Active player lifetime (LT) approximates the area under the retention survival curve. Because we only capture discrete data points (Day 1, 7, 30), we use rectangular midpoint segments centered around each knot — D0 covers 0.5 days, D1 covers 3.5 days, D7 covers 14.5 days, and D30 covers 31.5 days (extending into a flat habituation tail). The formula LT = 0.5 + 3.5*R1 + 14.5*R7 + 31.5*R30 sums to a 50-day window because Day 30 retention is assumed to persist for ~20 more days as a habituation floor. This approximates the LTV-50 horizon most studios use for LTV reporting.
Why is the revenue leakage partitioned?
Attributing all leakage to one generic number doesn't tell developers what to fix. By sequentially substituting your metrics with genre baseline averages (P50), we mathematically isolate exactly how much revenue is lost in the first 24 hours (Onboarding), during the first week (Engagement), and in the first month (Habituation). This gives product teams clear guidance on whether to fix FTUE, progression, or endgame systems.
How are the ad load and technical penalties calculated?
Our multi-factor scoring engine adds percentage points to the base risk when friction thresholds are crossed: crash rate exceeding 0.25% (up to +30%), tutorial completion below 85% (up to +15%), onboarding ad grace period below 180 seconds (up to +15%), and interstitials per session exceeding 3 (up to +20%). These numbers are calibrated against historical studio SDK audit data.
What is a safe Churn Risk Score?
A score below 35% represents a highly optimized game with strong retention and low friction. Scores between 35% and 65% indicate moderate risk, where optimization can yield significant revenue returns. Scores at or above 65% signal critical churn risk, meaning the game is burning UA spend due to high user attrition.

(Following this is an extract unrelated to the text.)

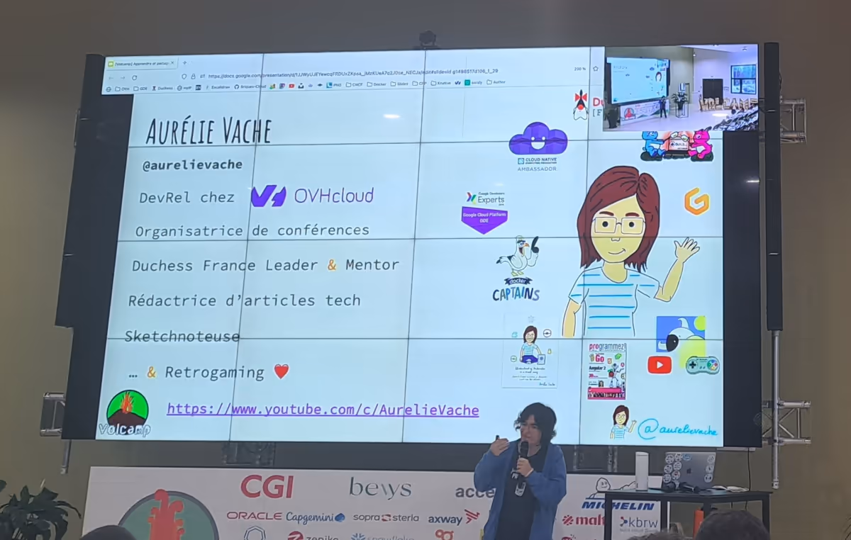 Aurélie Vache de la société OVHCloud, un peu stressée pour sa première keynote, nous explique comment, après avoir abandonné ses passions d'ados en début de carrière, a sur les reprendre pendant le COVID, en prenant du temps pour elle pour "gribouiller" pendant cette période un peu spéciale.

When are the retention benchmarks updated?
Retention benchmarks are updated quarterly. The current metrics reflect Q1–Q2 2026 data compiled across GameAnalytics, Adjust, and Liftoff industry reports, representing the post-IDFA steady-state benchmark landscape.
Why was my submission rejected?
The analyzer enforces a basic sanity rule: Day 30 retention must be less than or equal to Day 7, which must be less than or equal to Day 1. A retention curve only flattens or decays over time — it never rises — so D30 > D7 > D1 indicates a data-entry mistake and would produce nonsense lifetime estimates. Re-check your cohort report and resubmit with values in descending order (e.g. D1=24%, D7=8%, D30=3%).
Benchmarks vintage: Q1–Q2 2026 (benchmark_version 2026.06). Refreshed quarterly. Data aggregated from GameAnalytics State of Mobile Gaming 2026, Adjust Retention Benchmark Report 2026, and Liftoff Retentive Ad Indexes Q1 2026.